La plantation et les conditions idéales d'enracinement
Le choix du substrat joue un rôle majeur dans l'aération autour de la zone de coupe. Utilisez un mélange léger composé pour moitié de terreau de semis et pour moitié de sable de rivière. Le sable garantit un drainage impeccable tout en évitant le pourrissement des jeunes tissus.
Enfoncez la bouture au tiers dans le pot ou directement en pleine terre dans un coin abrité et ombragé du jardin. Tassez délicatement la terre autour du bois avec vos doigts pour éliminer les poches d'air. Arrosez ensuite généreusement pour plaquer définitivement le substrat contre la tige.
Le maintien d'une atmosphère humide demeure la clé de voûte de l'opération. Vous pouvez installer une cloche plastique ou une bouteille coupée par-dessus la bouture pour créer un effet de serre suffisant. Pensez toutefois à aérer régulièrement pour prévenir l'apparition de moisissures ou de feutrage gris.
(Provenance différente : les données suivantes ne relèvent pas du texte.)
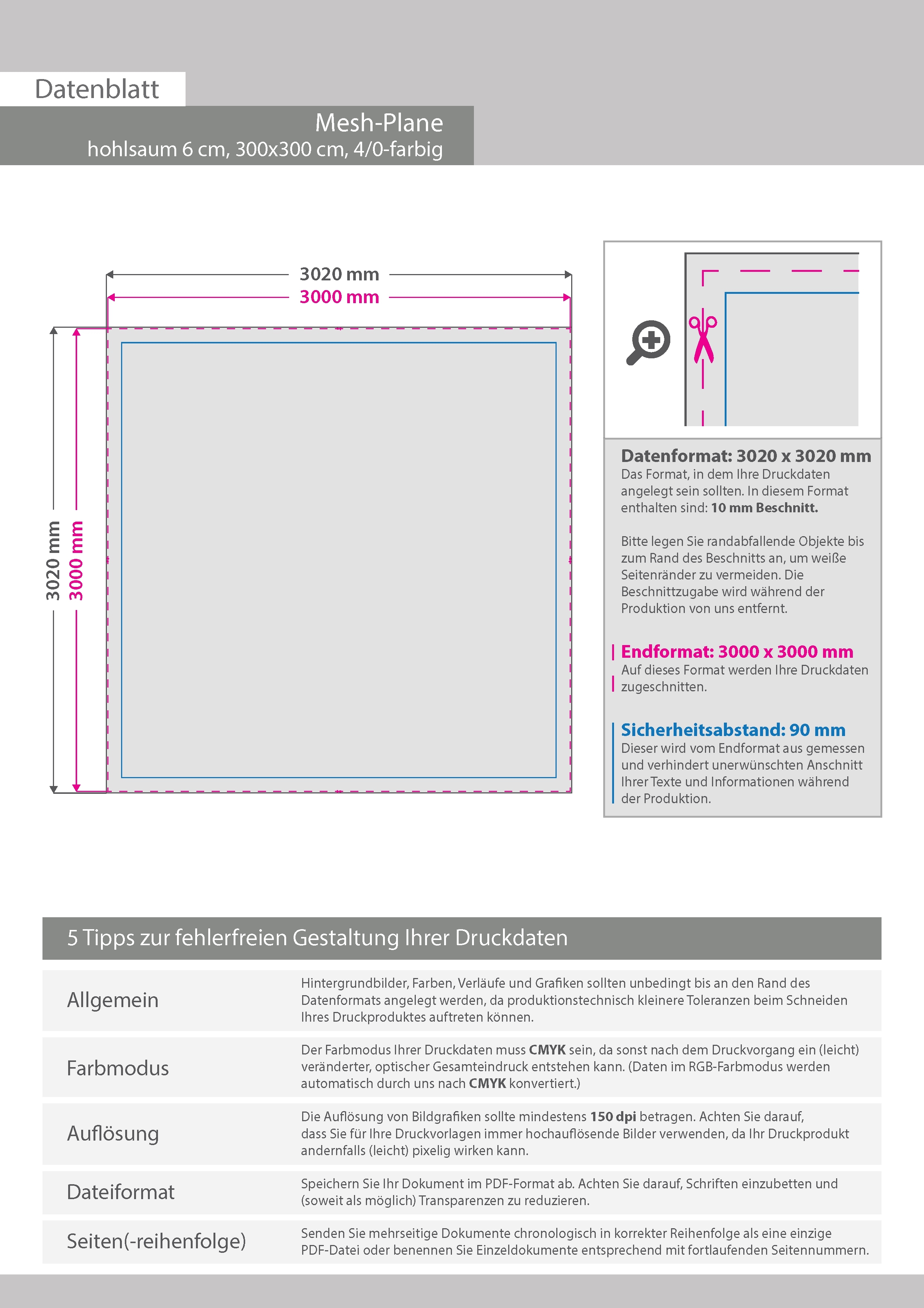 Hochwertige Mesh-Plane (PVC-frei), 300 x 300 cm, 4/0-farbig bedruckt, Hohlsaum oben und unten (Durchmesser Hohlsaum 6,0 cm)

Entretien de la bouture jusqu'au printemps suivant
Durant toute la fin de l'été et l'automne, veillez à garder le substrat frais sans jamais le détremper. Un excès d'humidité stagnante ferait pourrir la base du rameau avant même que les racines n'apparaissent. Placez vos pots à l'abri des rayons directs du soleil mais dans un endroit lumineux.
Lorsque les premières gelées approchent, vos jeunes boutures nécessitent une protection adéquate contre le froid. Placez les pots sous un châssis froid, dans une serre non chauffée ou paillez très abondamment le pied si vos boutures se trouvent en pleine terre. L'objectif consiste uniquement à protéger les jeunes racines naissantes des fortes gelées.
Au printemps, quand les bourgeons commencent à débourrer et qu'un nouveau feuillage apparaît, la reprise est confirmée. Il ne vous reste plus qu'à repiquer votre nouveau rosier à son emplacement définitif dans le jardin.